Мы живо принялись обсуждать полученную информацию. Все соглашались, что это Памела вчера была в ателье, она тут рылась, а не Падальский.
– Я им доложила и о вчерашнем появлении кого-то неизвестного в ателье, который средь бела дня там рылся, а потом что-то уронил и сбежал, – рассказывала Алиция. – Не знаю, поверили ли они мне, но расспрашивали, не пропало ли чего в доме. И еще я сказала, что мы думаем – это была Памела.
– Поверить-то они тебе поверили, ведь они датчане, но могли думать, что ты сама ошибаешься, – предположила я. – В чем, в чем? Да в том, что сама не заметила, сперли ли у тебя что-нибудь.
Павел сидел притихший, непривычно для него задумчивый.
– Ты что, Павлик?
– Не знаю, какой версии придерживаться: конкуренты они были или одна шайка? Памела вместе с Падлой или Памела – контра Падлы?
– Да, тут возможно и то и другое.
– В таком случае какую роль играют все эти искатели – Зенончик, Прохиндей?.. И стоит ли о них говорить полиции?
– Нет! – запретила разозлившаяся Алиция. – Не то примутся обыскивать весь дом, и меня кондрашка хватит. Так что притворитесь идиотами, глухими и слепыми, ничего не знаете, ничего не видели, ничего не слышали.
– И тебе придется купить новый бачок. Стыдно же перед посторонними, когда это устройство так ревет.
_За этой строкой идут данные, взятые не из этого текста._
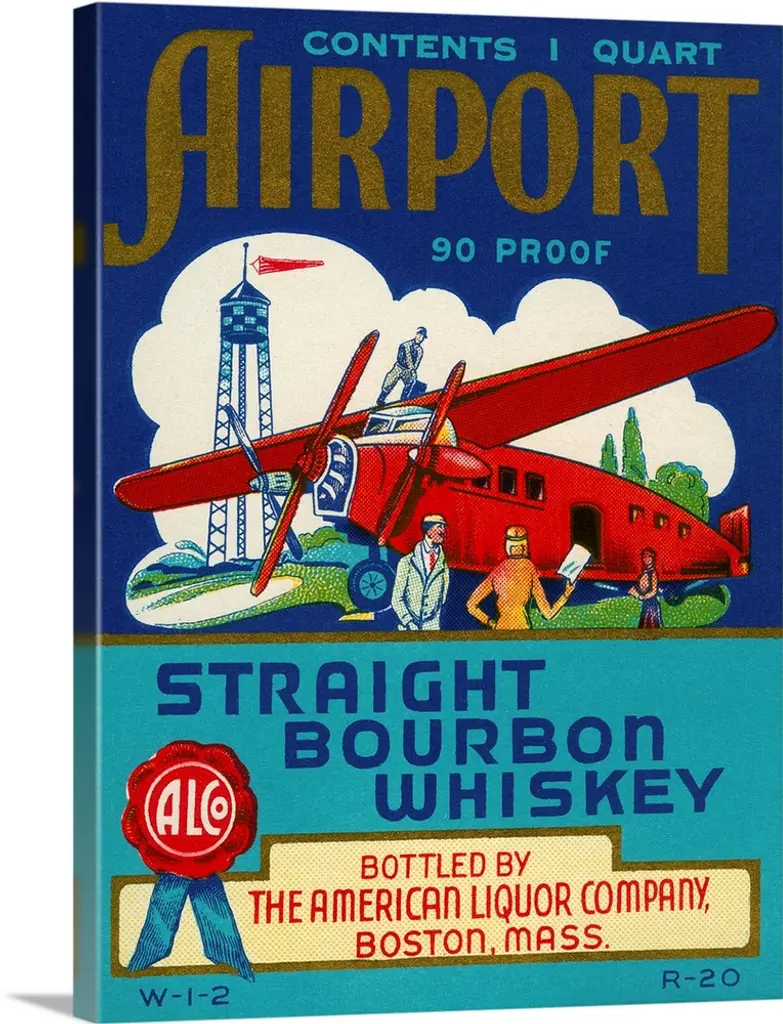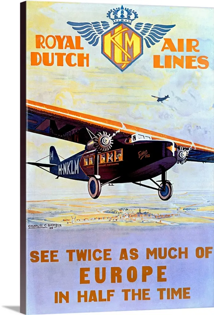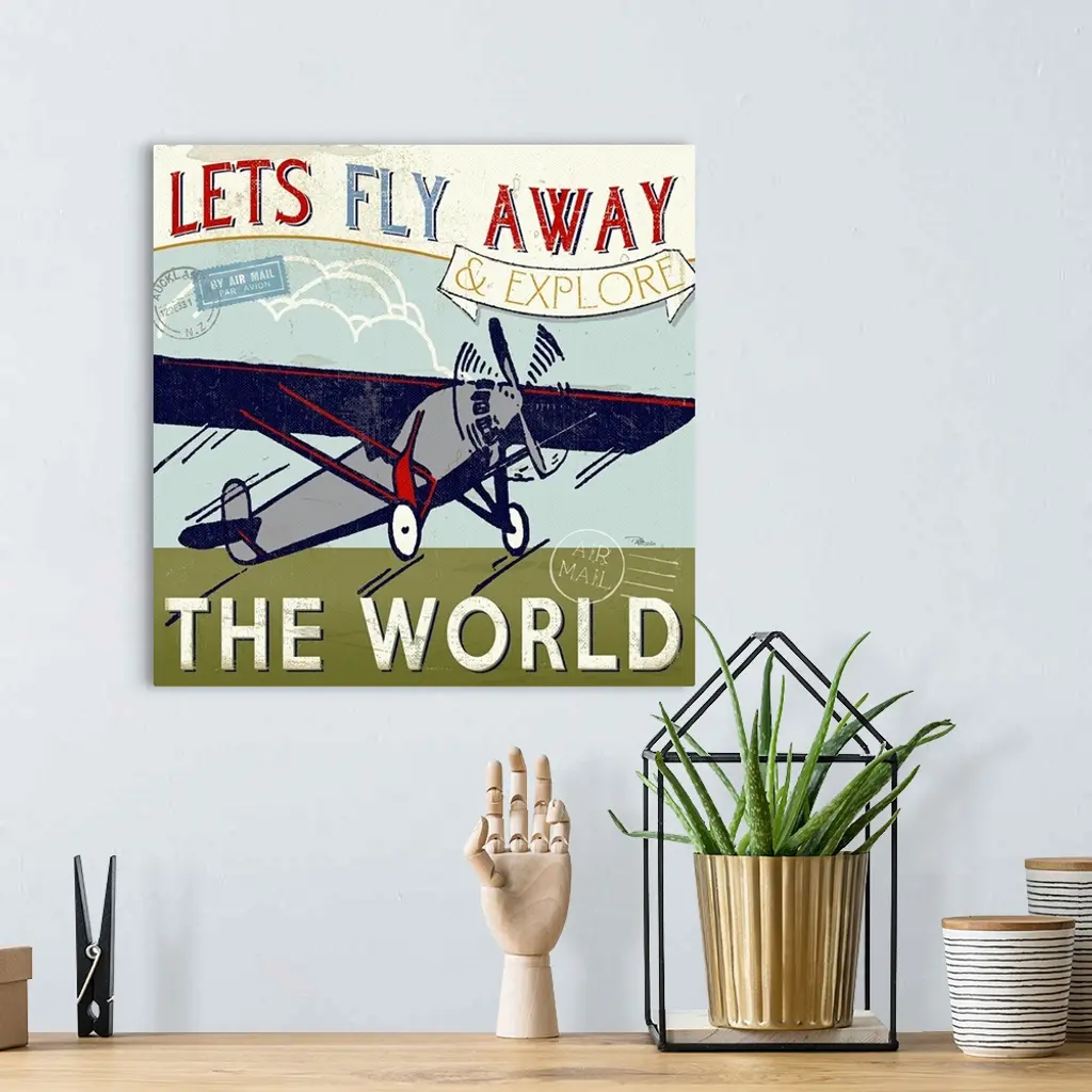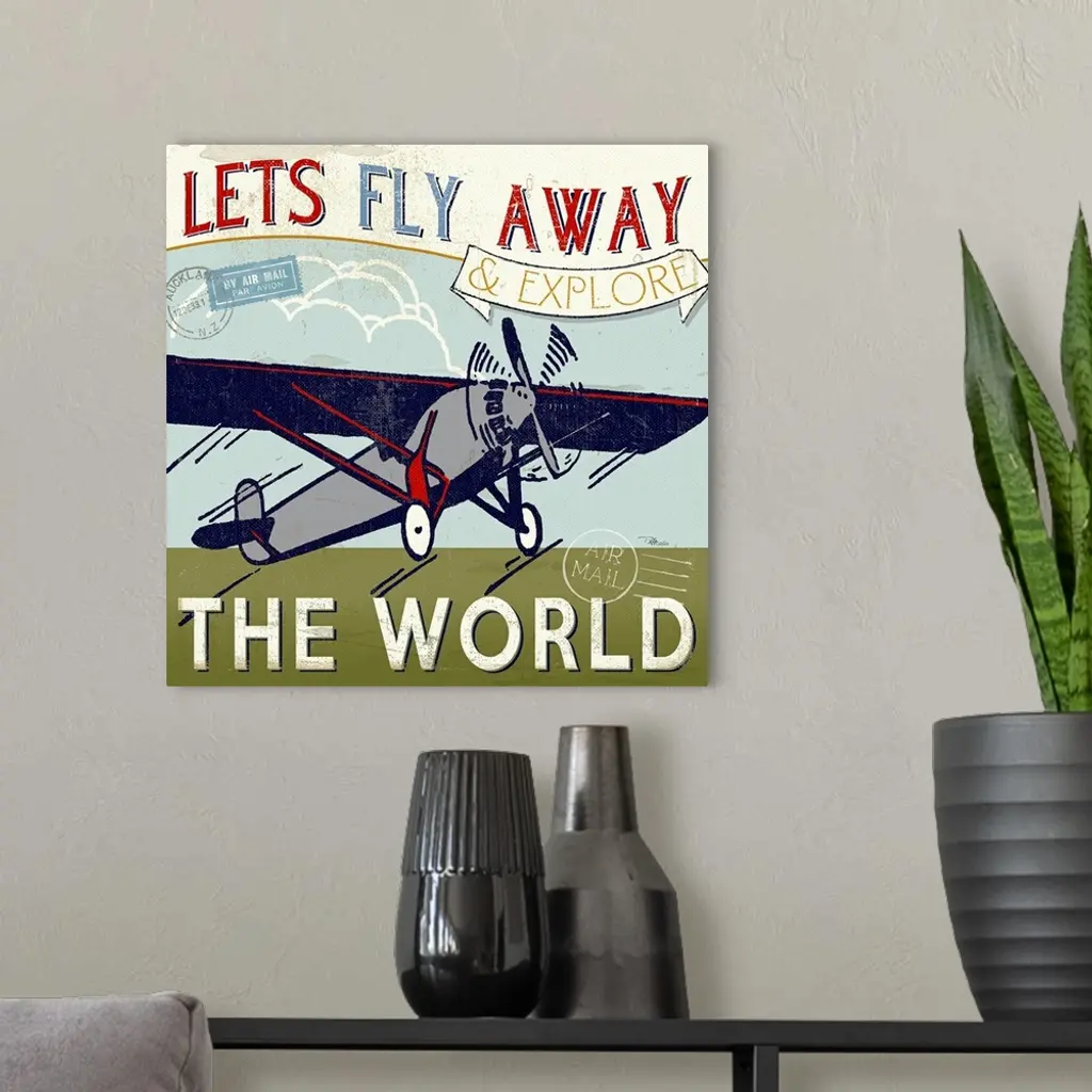 Retro-style graphic of a propeller plane taking off with airmail marks and the text "Let's fly away and explore the world."

Что о тебе полицейские подумают?
– Отстань, злыдня!
Беата вдруг в приливе вдохновения внесла предложение:
– Если уж очень привяжутся, скажем – злоумышленники ищут драгоценные шахматы. Это бесспорная собственность Алиции, она знает, где они спрятаны, не придется делать обыск.
Алиции настолько понравилась Беатина идея, что она официально пригласила приезжать ее к ней в любое время, когда той захочется, добавив, что любит находиться в обществе умных людей.
– Ну ладно, – согласился Павел, – мы можем притвориться глухими и слепыми, а идиота из себя строить мне ничего не стоит. Но мне хотелось бы все же знать, что здесь произошло на самом деле. Пока нам известно лишь сообщение собаки о том, что Памела средь бела дня закралась в дом и рылась в ателье. И вытащила кошачий мешок. А Зенончик, как ты сама говорила, по углам шарил и опять же кошачьи мешки высматривал. И Падальский рылся где мог. Можно считать, что Памела ничего здесь не нашла, потому опять сюда направилась, на этот раз вечером, чтобы продолжить поиски…
– Да не обязательно сюда, она могла идти в любое другое место и с любой другой целью.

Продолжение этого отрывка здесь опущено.